┌─ DATA FOR THIS TASK
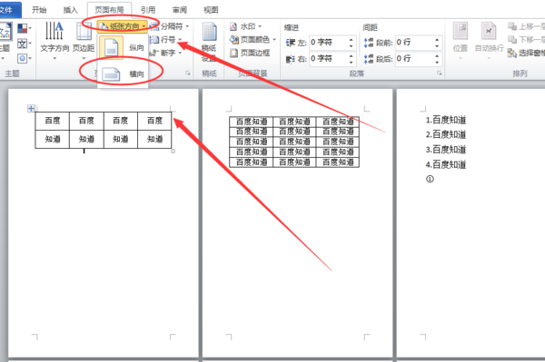 1、将光标定位在第三页首行前面,页面布局——“页面设置”右下角功能扩展箭头——纸张方向:横向,应用于:插入点之后——确定,这时插入点后的所有页面都变成横向了。
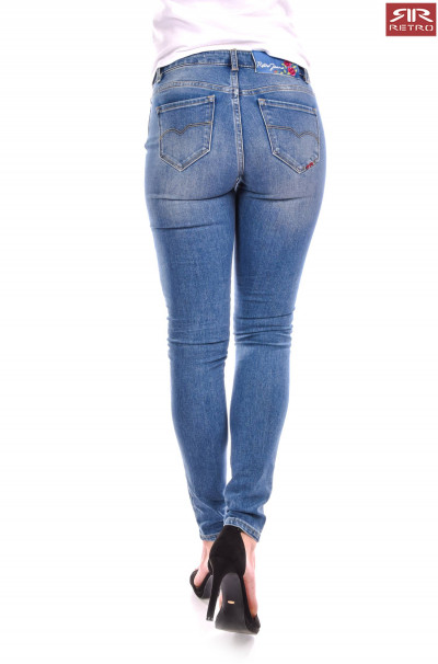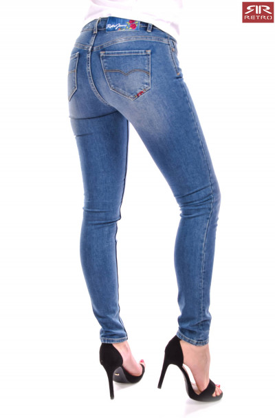 RetroJeans női farmernadrág (Double z), farmerkék színben (W516), cipzáros és gombos záródással, övbújtatós derékrésszel, ötzsebes, skinny fazonban, zsebénél fém, - derekán rávarrt márkajelzéssel a tavaszi/nyári Retro Jeans kollekcióból.
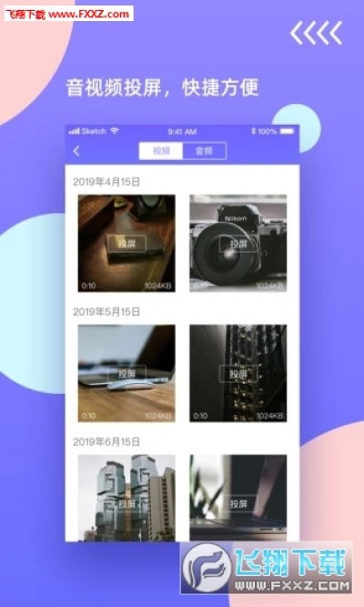 可以选择设备本地的音视频文件投屏到PC接收端界面上展示,安卓发送端可以远程调节PC接收端中播放音视频文件的声音大小、进度、暂停和播放。
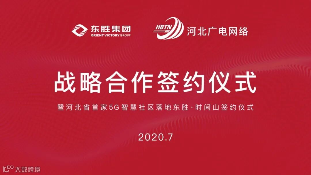 2020年7月23日,东胜集团与河北广电网络战略合作暨河北省首家5G智慧社区落地东胜·时间山签约仪式举行。双方将本着“真诚合作、优势互补、平等协商、互利互惠,多层推进、注重实效”的原则,充分发挥自身优势资源,推动东胜集团多元化产业与5G科技的深度融合,并首先将石家庄一号民生工程——东胜·时间山打造为河北省首个5G智慧社区。
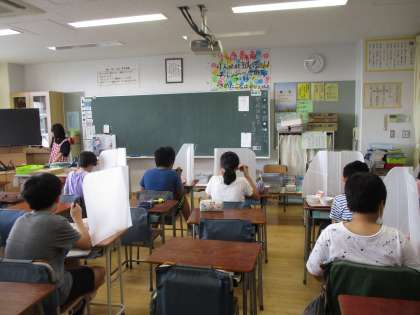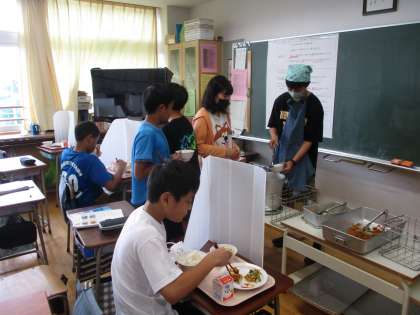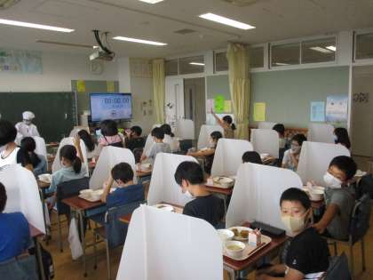 給食の時間は、あまり友達とおしゃべりはできないけど、みんな幸せそうです。今日もおいしかったです!
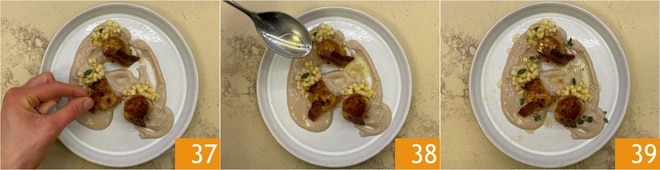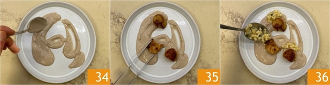 Vous êtes prêt à dresser : étalez la crème de marrons sur le fond de l'assiette 34, puis disposez les coquilles Saint-Jacques par-dessus 35 ainsi que les dés de pomme 36.
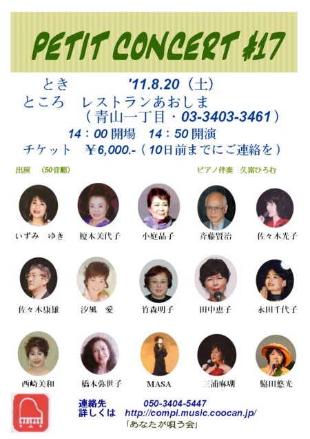 プテイコンセール#17 です。 '11.8.20(土) レストラン あおしま(3403-3461) 14:30 チケット¥6,000.-(8月10日までにご連絡を)
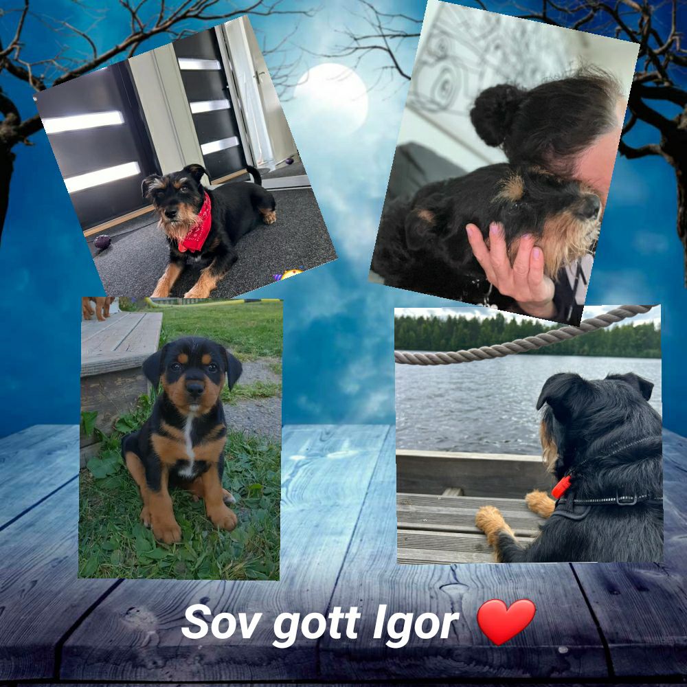 Fina lilla Igor, föddes i Juni en vacker sommardag 2017, en av 9 valpar. Full av lek, spex, snodde saker från de andra och sprang iväg med dom. Du älskade att vara ute på gräsmattan och springa, ligga under studsmattan och vila i skuggan. Det var full rulle på er alla. Du var kort och kompakt i kroppen, en så vacker valp. Johanna och Kari skulle din nya matte och husse heta, de fick äran att ta hem dig. Så den 11 augusti 2017 flyttade du hem till dom. Där har du haft ett händelserikt liv, du har varit med dom överallt på allt de gjort. Men nu efter några år med hälsoproblem så har du fått gå vidare över regnbågsbron, det fanns inget mer de kunde göra för dig, veterinär besöken har varit otaliga. Jag träffade dig i tisdagskväll. Johanna ville att du skulle få komma en sista gång dit du var född, hon ville göra det för dig, visa det. Jag var och träffade dig och man såg på hela dig att det inte längre var så bra, att du inte mådde bra. Jag är så tacksam över att jag fick träffa dig en sista gång ❤ Du var inte den du varit, sprallig och aktiv. Johanna sa att orken är borta, du har blivit förändrad. Det var som om du ville berätta att det är inte bra med mig. Så det var tufft att ta beslutet men idag har du fått gå, ditt lidande är slut. Tårarna rinner, jag vet vad de går igenom nu, de har gått hem med ett tomt koppel ❤
└─
[YOUR ASSIGNMENT]: Here the job is to output the lines from the top of the listing through the line holding "プテイコンセール#17 です。 '11.8.20(土)", word for word and without pictures.

[TASK ANSWER]:
 1、将光标定位在第三页首行前面,页面布局——“页面设置”右下角功能扩展箭头——纸张方向:横向,应用于:插入点之后——确定,这时插入点后的所有页面都变成横向了。
 RetroJeans női farmernadrág (Double z), farmerkék színben (W516), cipzáros és gombos záródással, övbújtatós derékrésszel, ötzsebes, skinny fazonban, zsebénél fém, - derekán rávarrt márkajelzéssel a tavaszi/nyári Retro Jeans kollekcióból.
 可以选择设备本地的音视频文件投屏到PC接收端界面上展示,安卓发送端可以远程调节PC接收端中播放音视频文件的声音大小、进度、暂停和播放。
 2020年7月23日,东胜集团与河北广电网络战略合作暨河北省首家5G智慧社区落地东胜·时间山签约仪式举行。双方将本着“真诚合作、优势互补、平等协商、互利互惠,多层推进、注重实效”的原则,充分发挥自身优势资源,推动东胜集团多元化产业与5G科技的深度融合,并首先将石家庄一号民生工程——东胜·时间山打造为河北省首个5G智慧社区。
 給食の時間は、あまり友達とおしゃべりはできないけど、みんな幸せそうです。今日もおいしかったです!
 Vous êtes prêt à dresser : étalez la crème de marrons sur le fond de l'assiette 34, puis disposez les coquilles Saint-Jacques par-dessus 35 ainsi que les dés de pomme 36.
 プテイコンセール#17 です。 '11.8.20(土) レストラン あおしま(3403-3461) 14:30 チケット¥6,000.-(8月10日までにご連絡を)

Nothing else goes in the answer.